DESCRIPTION
INFORMATION
PHOTOGALLERY
 
 
From antiquity to the late Byzantine period a key element of daily life were the public baths, where residents not only served their cleanliness and hygiene needs, but also developed social contacts and enjoyed moments of entertainment.

The bath complex in Paramythia, probably built in the late Byzantine or the early Ottoman period (15th cent.), follows the architectural tradition of Greco-Roman and Byzantine times. A characteristic feature of these baths is the underground spaces with clay stanchions (hypocausts), inside which circulated hot air coming from an external hearth (praefurnium). Over hypocausts were the main rooms of the bath, which consisted of hot, tepid and cold section.

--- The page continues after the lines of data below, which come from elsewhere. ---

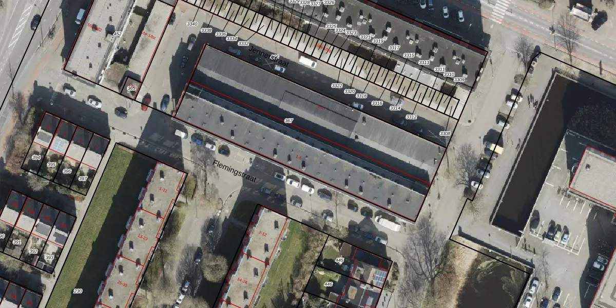 Het perceel waarop Flemingstraat 3-a staat heeft een oppervlakte van 2214 m². Dit is een zeer groot perceel. De perceeloppervlakte wordt geregistreerd door het Kadaster. Gedetailleerde informatie over de maten van dit perceel kunt u vinden in het rapport Kadastrale kaart met maatvoering van Flemingstraat 3-a.
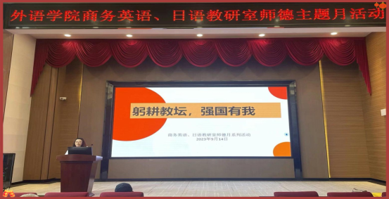 9月14日下午,外语学院商务英语、日语教研室以“躬耕教坛,强国有我”为主题开展了师德主题月系列活动,两个专业的百余名教师参与了本次会议。
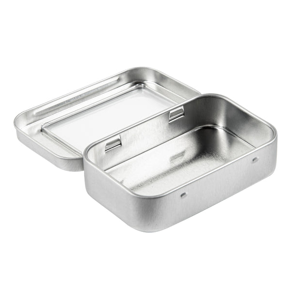Carry your mints everywhere using our Chef 101 4-ounce Rectangle Silver Tin Containers. These metal storage boxes are made of high-quality tinplate material, allowing them to withstand rigorous use for a long time. The press-on lids with the clear PVC window fit tightly to the body of these tin storage boxes, securing the contents inside while allowing you to see them too. With smooth, rounded edges, these metal storage containers protect your hand from accidental cuts. The sleek design of these rectangular storage tin boxes lets you carry them on the go or fit them comfortably in any of your bags. With a plain silver finish on the surface of these metal storage containers with lids, you can stick labels on them or tie ribbons for decoration. Measuring 3.75 inches in length by 2.25 inches in width, these storage tins with lids can hold up to 4 ounces. Sold in a 10 count box.

The bath in Paramythia consists of three main and three auxiliary rooms and a cistern, which were roofed with domes and arches. On the north side, there was the vestiary with a marble hexagon perirrhanterion (fountain) at its center. An arched door leaded from the vestiary to the vestibule of the tepid section (tepidarium) of the bath, under the marble floor of which there were rectangular hypocausts. Hypocausts existed also under the adjacent to the south warm section (caldarium) of the bath. The heating came from an external hearth through clay pipes that channeled hot air behind the walls and under the floors. On the east side of the building there was the cold section (frigidarium) of the bath, where the customer ended his bath with perfusion with cold water. At the SE corner, there was a small tank which provided water to the bath complex.